The forecast for animal and driver safety could improve if a promising experiment using a meteorologist’s tool is successful.
As part of a pilot project, Doppler radar is being strategically deployed along U.S. 95 in North Idaho to spot animals approaching the highway. Detection then trips flashing lights on roadside signs to alert drivers to slow down.
Similar experiments in Colorado and Arizona have reduced collisions significantly.
Most of the attention on wildlife crossing has been centered on building overpasses or underpasses, which have been successful in places like Banff, Alberta, and along U.S. Highway 93 in Western Montana. Two dozen crossings are being planned along Interstate 90, east of Snoqualmie Pass.
Crossings require extensive design, engineering and construction, and they need miles of fencing to funnel animals to safe passage. Some overpasses cost as much as $2 million. The new U.S. Highway 95 underpass near Silverwood Theme Park cost about $1 million.
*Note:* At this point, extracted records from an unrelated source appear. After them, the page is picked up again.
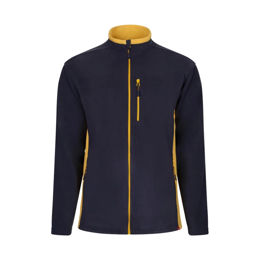 Dwukolorowa kurtka polarowa (220 g/m²) z poliestru (100%). Tkanina z mikrofibry. Z centralnym zamkiem błyskawicznym, kontrastowym kolorem po bokach, po wewnętrznej stronie kołnierza i zamków błyskawicznych. Z pięcioma kieszeniami (3 kieszenie zewnętrzne, z zamkiem błyskawicznym i dwie kieszenie wewnętrzne). Rozmiar: XS, S, M, L, XL, 2XL, 3XL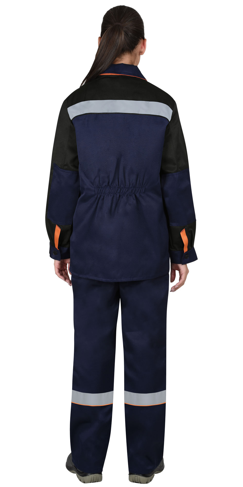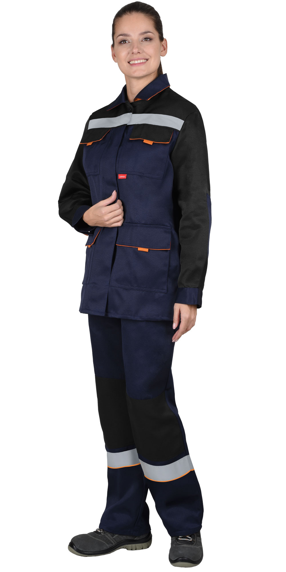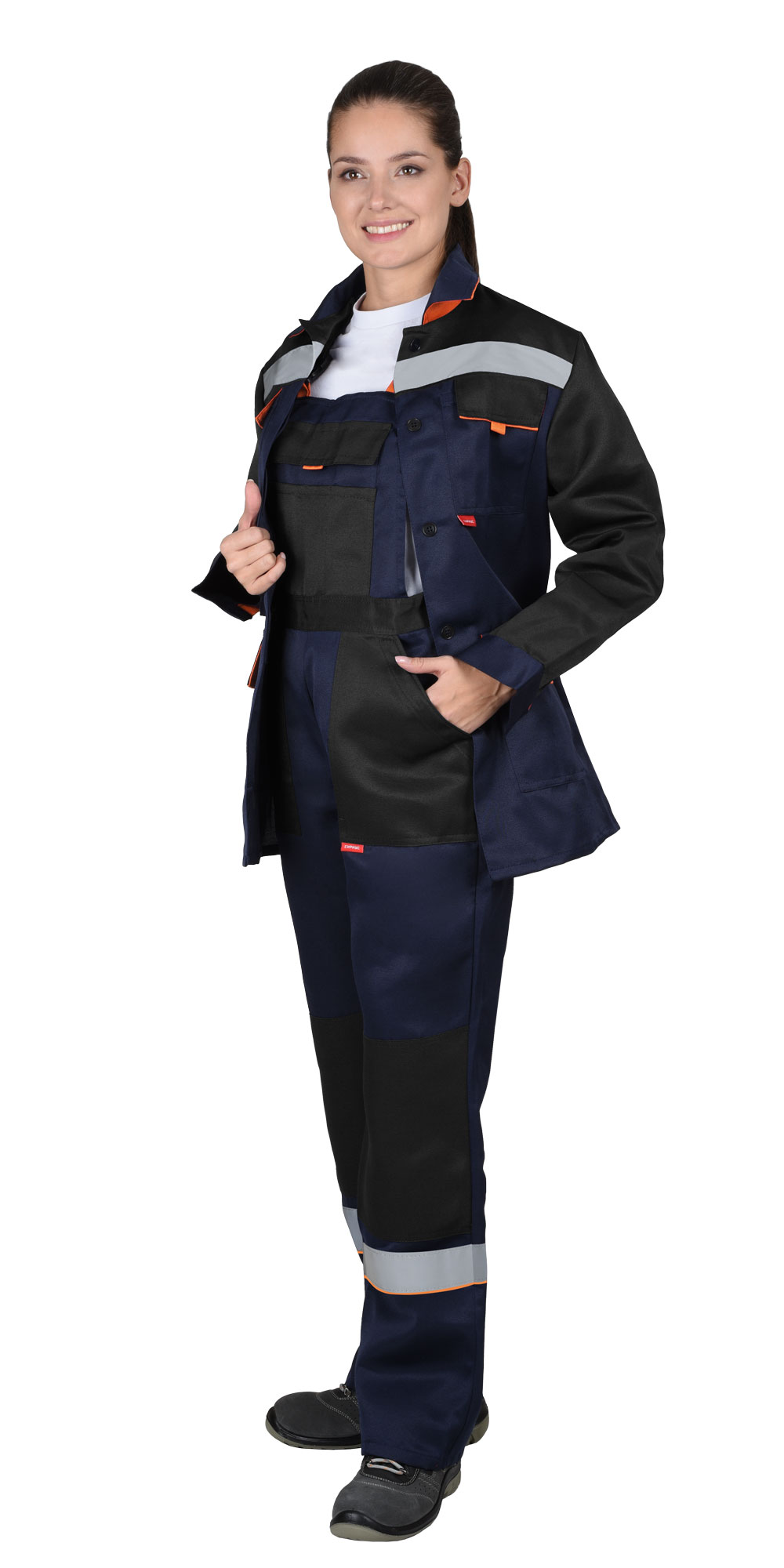 Костюм летний женский, состоит из куртки и полукомбинезона, в костюме предусмотрена лента светоотражающая ш.50 мм для сигнальной видимости.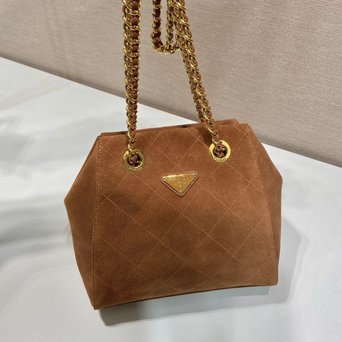 고객님께서 지금보시고 계시는 상품은 프라다의 스웨이드 가죽으로 제작된 퀼팅 호보백으로, 빈티지 감성과 세련된 디자인이 조화를 이루는 제품입니다. 부드러운 질감과 여유로운 실루엣이 돋보이며, 다양한 스타일에 자연스럽게 어울리는 아이템입니다. 구성품: 정품 박스, 더스트백, 쇼핑백, 구매 영수증 포함 스웨이드 가죽으로 제작된 퀼팅 호보백 체인 스트랩으로 다양한 착용 가능 드로스트링 구조로 실용적인 수납 가능 데일리 및 외출용으로 활용도 높은 디자인

Two underpasses near the Canadian border cost $500,000 each.
States simply don’t have the money to place structures everywhere they’re needed, and as recent legislative sessions in Olympia and Boise have demonstrated, transportation funding isn’t getting any easier to come by.
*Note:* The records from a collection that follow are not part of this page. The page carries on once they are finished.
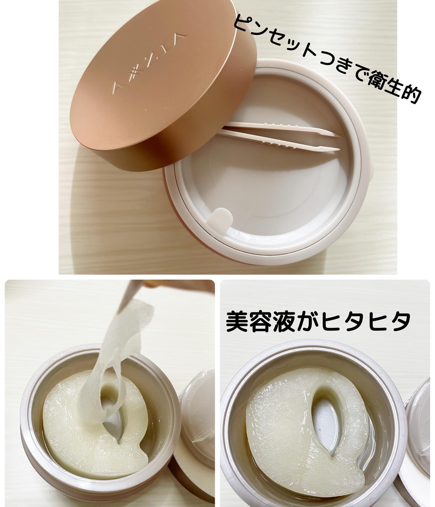 目元ケア研究10年以上のアクシージアの人気商品。アクシージア独自の360°シート。目周りを囲む眼輪筋に着目されたた形状のシートで、まぶた全体のしっとりケアが叶うそう。 独自成分トリプルミネラルコンプレックス、ビタミンKコンプレックスに加え、植物サポート成分、ビタミンC誘導体、Wヒアルロン酸、ペプチドが配合されていて、うるぷるの目元を目指せるそう。 肌あたり柔らかな0.3mmの極薄シートがぴたっと密着してくれるのでながらしながら、目元ケアできて使い続けやすい。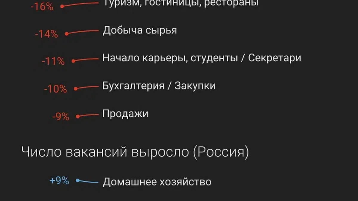 По России ситуация чуть лучше — число вакансий снизилось не так резко (на 3%), а в некоторых сферах даже выросло.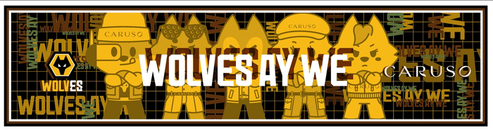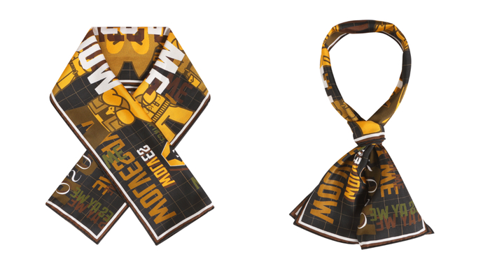 此次推出的限量联名丝巾,以100%桑蚕丝制成,并采用业内首创的双面荧光印花,丝巾在特定黑暗的环境中将会展现独特视觉效果。90*22.5厘米定制尺幅的长形方巾,使其不但能为日常穿着带来优雅风尚,更能轻松转换成为应援手幅,为狼队电竞的赛事助威。丝巾设计图案以狼队的吉祥物“傲伍”为灵感,五只小狼皆换以Caruso绅装形象,酷帅雅趣;‘WOLVES AY WE’的狼队俱乐部口号则让其应援属性加满。黄黑配色以及赛博朋克的设计风格让这款丝巾更加现代摩登,而手工卷边则让丝巾的奢雅感倍增。

Some species of wildlife learn to use the crossings right away. Others, such as bears, can take years to adjust. The Doppler experiment turns the equation around, by training drivers to look for the flashing lights, tap the brakes and remain vigilant. It shows particular promise around dusk and into the evening, when visibility is poor, and in tricky highway sections where animals seemingly bolt out of nowhere.
The technology can filter out vehicles, and it won’t activate for animals smaller than coyotes. Thus far, there have been few false alarms. The system is mobile, so it can follow seasonal migrations of animals, rather than be fixed in one place.
The cost is generally tens of thousands of dollars – about one wrecked vehicle – rather than millions.
The system was recently tested for more than three months south of Bonners Ferry, and no collisions occurred. This is an area that experienced more than 320 collisions – mostly with deer and moose – between 2000 and 2010. Two people were killed.
Animal collisions represent significant danger and costs. In 2011, between Coeur d’Alene and the Canadian border, about 900 animals were struck. Nearly 5,000 were struck statewide. Washington has about twice as many collisions because it has many more vehicles.
In the Inland Northwest, wrecks usually involve white-tailed deer, a species that poses dangers on highways north of Spokane, according to the Washington Department of Transportation website.
Washington officials should keep an eye on the Doppler radar experiment because it could allow for safer passage on this side of the border, too.